Después, dándome cuenta de pronto que en realidad no tenía otro objeto, enrojecí hasta las orejas y guardé silencio.
La criada de mi tía (por lo menos supuse que lo era por sus palabras) guardó el arroz en su cesta y salió de la tienda diciéndome que podía seguirla si quería saber dónde vivía miss Trotwood. No me lo hice repetir, aunque había llegado a tal grado de terror y de consternación que no me sostenían las piernas. Seguí a la muchacha y pronto llegamos ante una preciosa casita adornada con miradores y con un pequeño jardín lleno de flores muy bien cuidadas que exhalaban un perfume delicioso.
-Esta es la casa -dijo la muchacha-. Ya lo sabes, y es todo lo que tengo que decirte.
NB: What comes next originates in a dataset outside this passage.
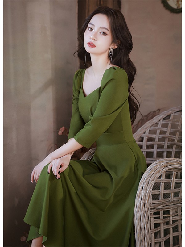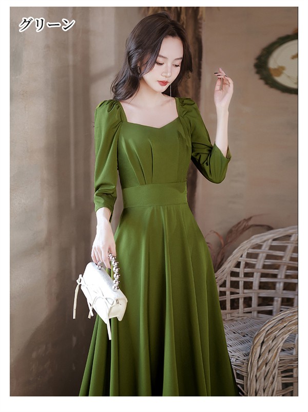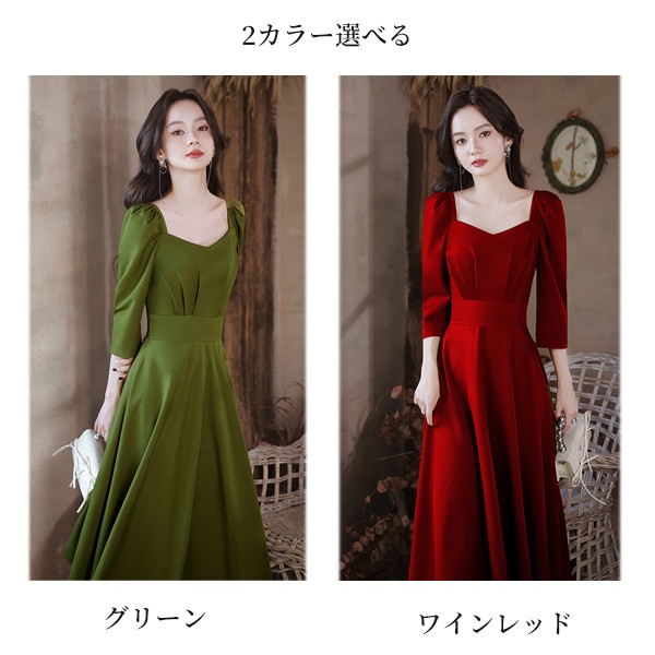 ドレス グリーン 大人 ピアノ 発表会 ミモレ丈ドレス ワインレッド 演奏会 結婚式 パーティードレス ミモレ丈 ワンピース フォーマルドレス イブニングドレス 20代 30代 成人式 高校生 中高生 卒業式 同窓会 お呼ばれ 演奏会用ドレス 二次会 フォーマル 披露宴

Y se metió precipitadamente como para sacudirse toda la responsabilidad de mi visita. Yo me quedé de pie al lado de la verja mirando tristemente hacia las ventanas. Por una de ellas se veía una cortinilla de muselina entreabierta, un gran biombo verde, una mesita y un butacón, que me sugirió la idea de que mi tía quizá en aquel momento estaba sentada en él majestuosamente.
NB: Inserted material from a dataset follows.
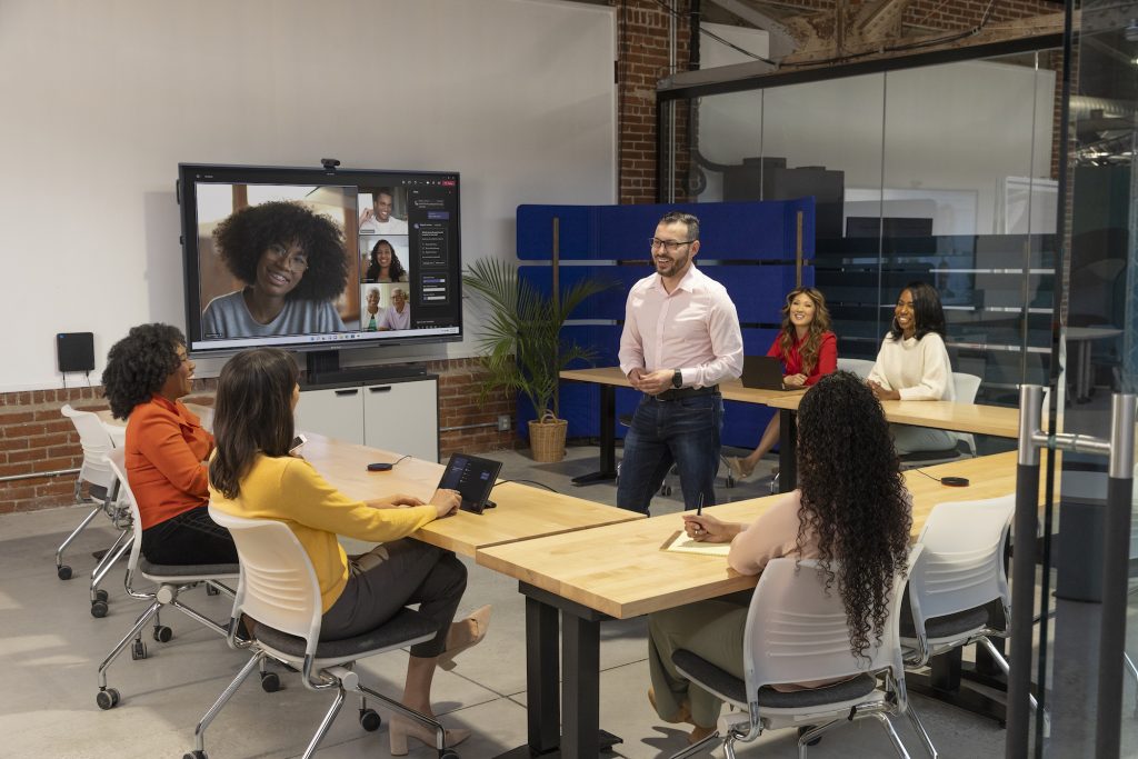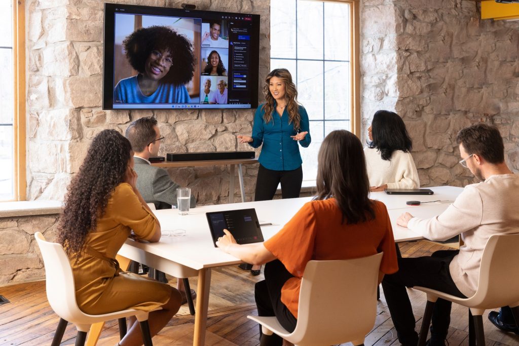 A rendszer kiváló kamerát kapott, mesterséges intelligenciával, ami követi a sétálgató előadót, reagál, ha valaki elhagyja a meetinget vagy épp csatlakozik: az egyedül maradt kollégára rázoomol, de ha többen is bejönnek a terembe, akkor kizoomol, totálképet mutat.

Mis zapatos habían llegado al estado más lamentable. La suela se había ido a pedazos, y lo de encima estaba tan sumamente destrozado, que no parecían haber sido nunca zapatos. El sombrero, que, entre paréntesis, me había servido de gorro de dormir, estaba tan arrugado y abollado que hasta a una cazuela vieja y sin asas de un basurero la habría avergonzado la comparación. Mi camisa y mi pantalón, sucios de sudor, de la hierba y la tierra que me habían servido de lecho, eran unos pingajos y, mientras permanecía de pie ante la puerta, pensaba que podía servir de espantapájaros. No me había vuelto a peinar desde mi salida de Londres y mi rostro, mi cuello y mis manos, poco acostumbrados al aire, estaban abrasados por el sol, y todo yo cubierto de polvo de arriba abajo, casi tan blanco como si saliera de un horno de cal. En aquel estado y con plena conciencia de ello estaba esperando para presentarme a mi temible tía y causarle la primera impresión.
Nada se movía en aquella ventana, por lo que supuse, al cabo de un momento, que no estaría allí. Levanté la vista hacia las ventanas del piso de encima y vi asomado a un caballero de rostro agradable y sonrosado, de cabellos grises, que me guiñaba un ojo de un modo grotesco, haciéndome dos o tres veces gestos contradictorios con la cabeza. Tan pronto me decía que sí como que no, y, por último, echándose a reír, desapareció.
Yo estaba muy desconcertado pero la conducta inesperada de aquel hombre terminó de desconcertarme, y estaba a punto de escapar sin decir nada, para reflexionar en lo que debía hacer, cuando de la casa salió una señora con un pañuelo atado por encima de su cofia.